WHAT NEEDS TO BE DONE: Beginning with the line that contains "Dong Kha pig", output each line below exactly through the last one, both included, and nothing else.

#### EXERCISE INPUT ####

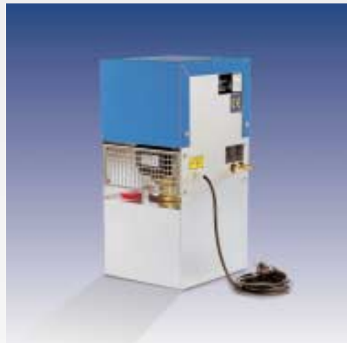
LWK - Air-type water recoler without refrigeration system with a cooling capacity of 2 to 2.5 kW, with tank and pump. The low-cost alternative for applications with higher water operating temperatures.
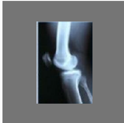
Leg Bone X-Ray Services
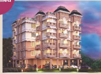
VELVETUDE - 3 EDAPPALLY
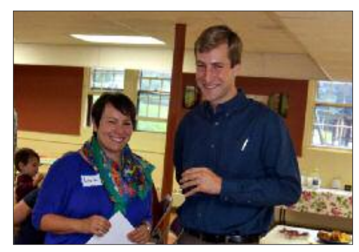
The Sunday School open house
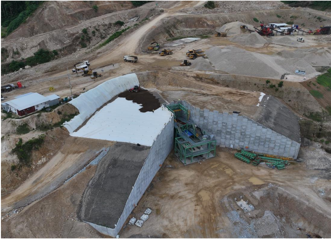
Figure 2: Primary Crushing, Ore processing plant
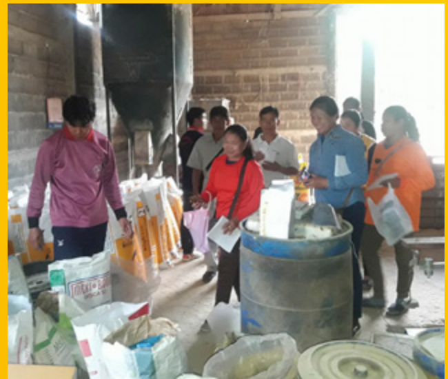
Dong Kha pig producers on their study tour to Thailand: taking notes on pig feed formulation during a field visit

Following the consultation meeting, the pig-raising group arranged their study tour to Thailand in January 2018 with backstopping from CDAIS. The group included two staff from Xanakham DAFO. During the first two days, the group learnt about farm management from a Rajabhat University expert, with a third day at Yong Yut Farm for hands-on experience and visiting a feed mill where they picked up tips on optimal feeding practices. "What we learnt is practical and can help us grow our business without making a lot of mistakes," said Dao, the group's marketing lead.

####

RESPONSE TO THIS TASK:
Dong Kha pig producers on their study tour to Thailand: taking notes on pig feed formulation during a field visit

Following the consultation meeting, the pig-raising group arranged their study tour to Thailand in January 2018 with backstopping from CDAIS. The group included two staff from Xanakham DAFO. During the first two days, the group learnt about farm management from a Rajabhat University expert, with a third day at Yong Yut Farm for hands-on experience and visiting a feed mill where they picked up tips on optimal feeding practices. "What we learnt is practical and can help us grow our business without making a lot of mistakes," said Dao, the group's marketing lead.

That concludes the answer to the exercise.